Segment Start: Records provided
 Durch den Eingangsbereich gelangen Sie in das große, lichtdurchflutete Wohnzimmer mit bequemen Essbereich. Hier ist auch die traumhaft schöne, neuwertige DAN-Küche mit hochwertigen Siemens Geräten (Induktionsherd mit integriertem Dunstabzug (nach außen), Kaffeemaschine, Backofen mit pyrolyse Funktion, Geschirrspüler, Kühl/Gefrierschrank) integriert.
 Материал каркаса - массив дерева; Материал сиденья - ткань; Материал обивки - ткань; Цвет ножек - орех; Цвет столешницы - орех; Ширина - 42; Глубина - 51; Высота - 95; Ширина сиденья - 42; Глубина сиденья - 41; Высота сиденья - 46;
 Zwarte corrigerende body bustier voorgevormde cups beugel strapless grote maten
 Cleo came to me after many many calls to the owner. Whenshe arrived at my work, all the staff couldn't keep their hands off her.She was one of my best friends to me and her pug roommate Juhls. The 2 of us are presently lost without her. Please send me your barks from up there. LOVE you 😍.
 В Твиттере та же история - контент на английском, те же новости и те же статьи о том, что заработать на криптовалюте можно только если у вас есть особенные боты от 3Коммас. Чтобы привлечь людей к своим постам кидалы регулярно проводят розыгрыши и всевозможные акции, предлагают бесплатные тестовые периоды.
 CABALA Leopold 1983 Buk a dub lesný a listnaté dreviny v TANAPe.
Segment End: Records provided
Segment Start: Records provided
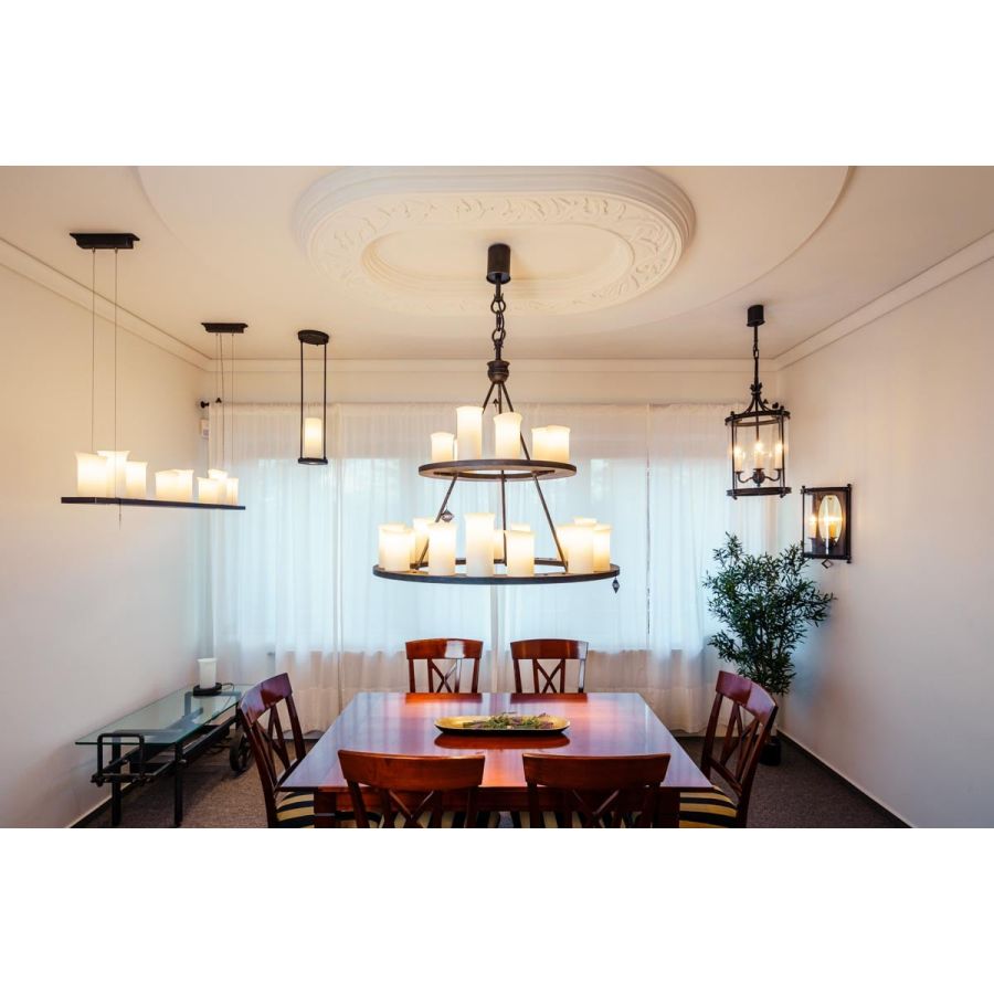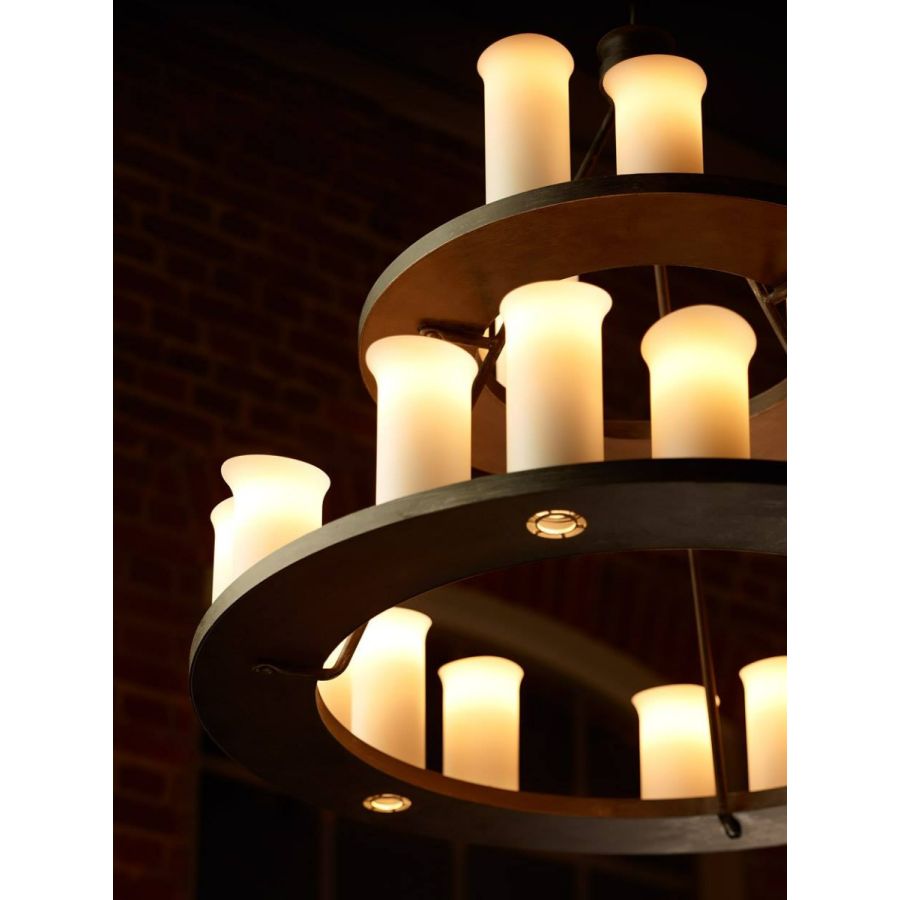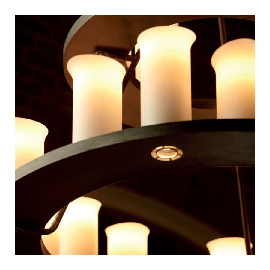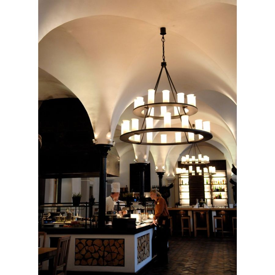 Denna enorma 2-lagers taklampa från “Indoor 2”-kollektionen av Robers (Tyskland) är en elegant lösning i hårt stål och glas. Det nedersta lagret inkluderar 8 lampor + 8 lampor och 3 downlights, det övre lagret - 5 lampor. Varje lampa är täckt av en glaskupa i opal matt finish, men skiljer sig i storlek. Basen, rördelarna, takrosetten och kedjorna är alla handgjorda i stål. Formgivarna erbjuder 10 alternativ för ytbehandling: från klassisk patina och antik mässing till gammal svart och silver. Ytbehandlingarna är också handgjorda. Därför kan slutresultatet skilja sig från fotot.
Segment End: Records provided
Segment Start: Records provided
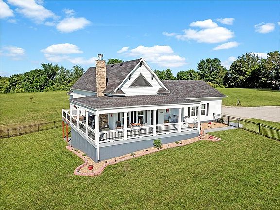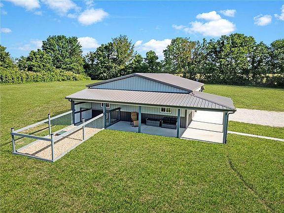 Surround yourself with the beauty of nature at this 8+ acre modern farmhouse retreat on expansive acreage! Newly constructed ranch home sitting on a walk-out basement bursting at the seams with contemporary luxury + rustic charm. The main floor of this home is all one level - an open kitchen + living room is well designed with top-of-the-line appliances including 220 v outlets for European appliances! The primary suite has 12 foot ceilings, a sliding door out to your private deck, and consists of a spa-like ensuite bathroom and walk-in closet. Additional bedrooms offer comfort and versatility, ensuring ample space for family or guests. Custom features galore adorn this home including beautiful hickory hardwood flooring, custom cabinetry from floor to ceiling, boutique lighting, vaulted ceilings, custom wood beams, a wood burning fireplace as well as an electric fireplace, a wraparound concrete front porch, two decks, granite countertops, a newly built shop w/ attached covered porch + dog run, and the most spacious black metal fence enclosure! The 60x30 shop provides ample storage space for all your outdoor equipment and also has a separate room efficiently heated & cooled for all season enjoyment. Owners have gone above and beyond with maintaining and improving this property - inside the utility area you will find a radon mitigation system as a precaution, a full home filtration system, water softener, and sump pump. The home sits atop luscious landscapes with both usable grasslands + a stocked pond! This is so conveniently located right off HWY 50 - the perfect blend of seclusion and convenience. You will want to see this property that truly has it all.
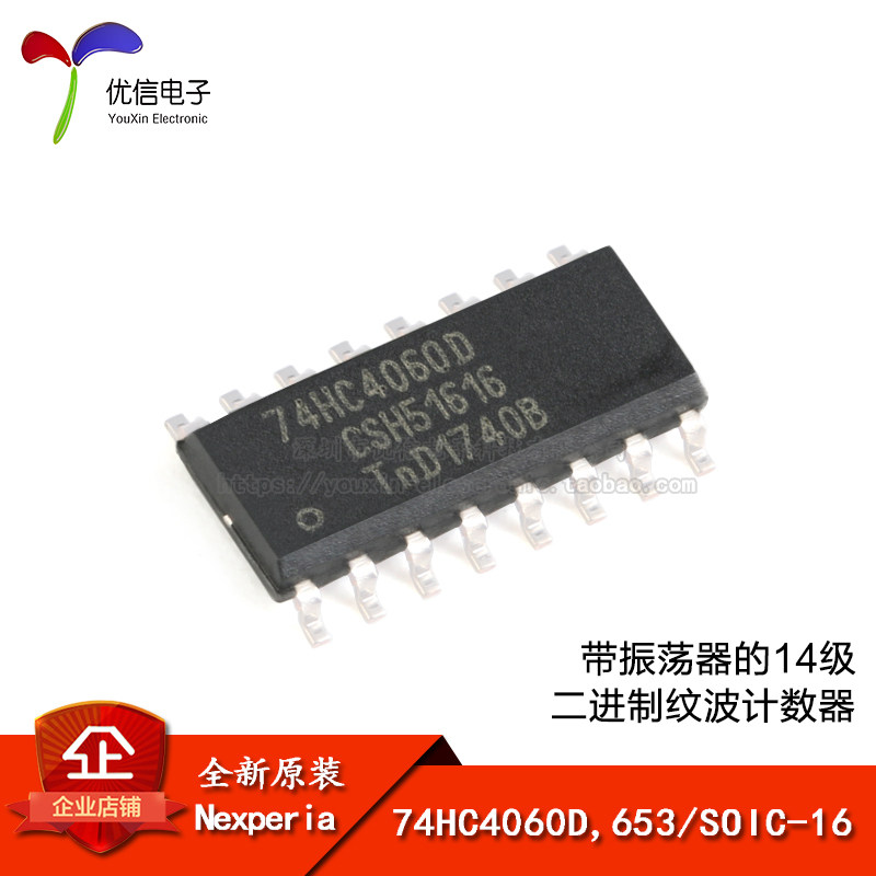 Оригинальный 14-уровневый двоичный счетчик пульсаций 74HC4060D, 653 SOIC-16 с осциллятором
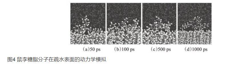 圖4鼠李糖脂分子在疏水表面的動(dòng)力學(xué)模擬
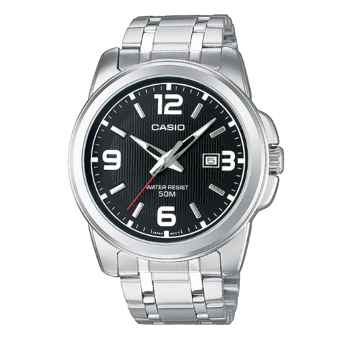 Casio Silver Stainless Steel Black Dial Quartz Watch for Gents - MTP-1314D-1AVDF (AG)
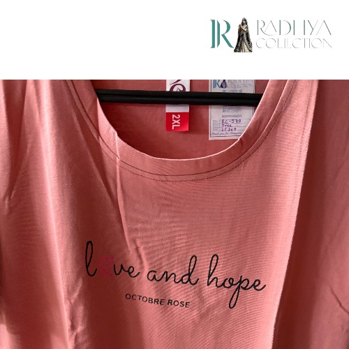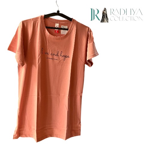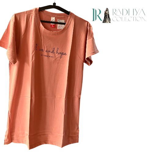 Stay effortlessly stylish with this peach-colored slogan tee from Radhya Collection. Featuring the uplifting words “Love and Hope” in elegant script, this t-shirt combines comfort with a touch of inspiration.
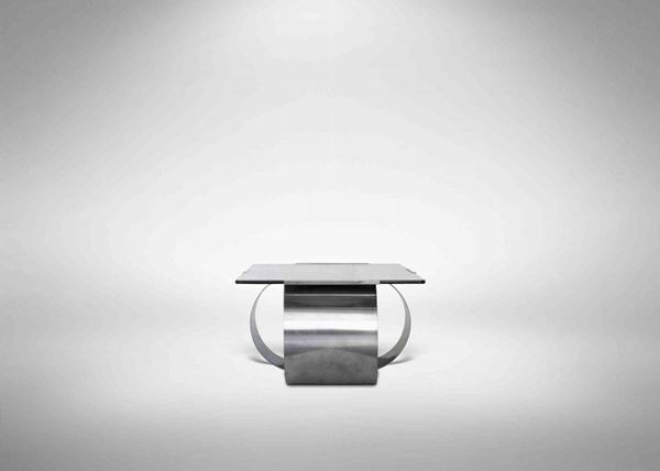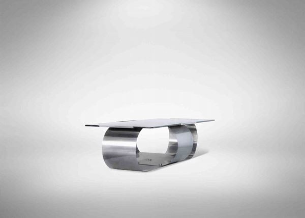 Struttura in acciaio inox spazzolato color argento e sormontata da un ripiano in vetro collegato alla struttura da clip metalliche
Segment End: Records provided
▸ **Work order**
Repeat exactly the lines above from the one with "Durch den Eingangsbereich" up to and including the one with "Cleo came to". No other line belongs in the reply.

▸ **Your response**
 Durch den Eingangsbereich gelangen Sie in das große, lichtdurchflutete Wohnzimmer mit bequemen Essbereich. Hier ist auch die traumhaft schöne, neuwertige DAN-Küche mit hochwertigen Siemens Geräten (Induktionsherd mit integriertem Dunstabzug (nach außen), Kaffeemaschine, Backofen mit pyrolyse Funktion, Geschirrspüler, Kühl/Gefrierschrank) integriert.
 Материал каркаса - массив дерева; Материал сиденья - ткань; Материал обивки - ткань; Цвет ножек - орех; Цвет столешницы - орех; Ширина - 42; Глубина - 51; Высота - 95; Ширина сиденья - 42; Глубина сиденья - 41; Высота сиденья - 46;
 Zwarte corrigerende body bustier voorgevormde cups beugel strapless grote maten
 Cleo came to me after many many calls to the owner. Whenshe arrived at my work, all the staff couldn't keep their hands off her.She was one of my best friends to me and her pug roommate Juhls. The 2 of us are presently lost without her. Please send me your barks from up there. LOVE you 😍.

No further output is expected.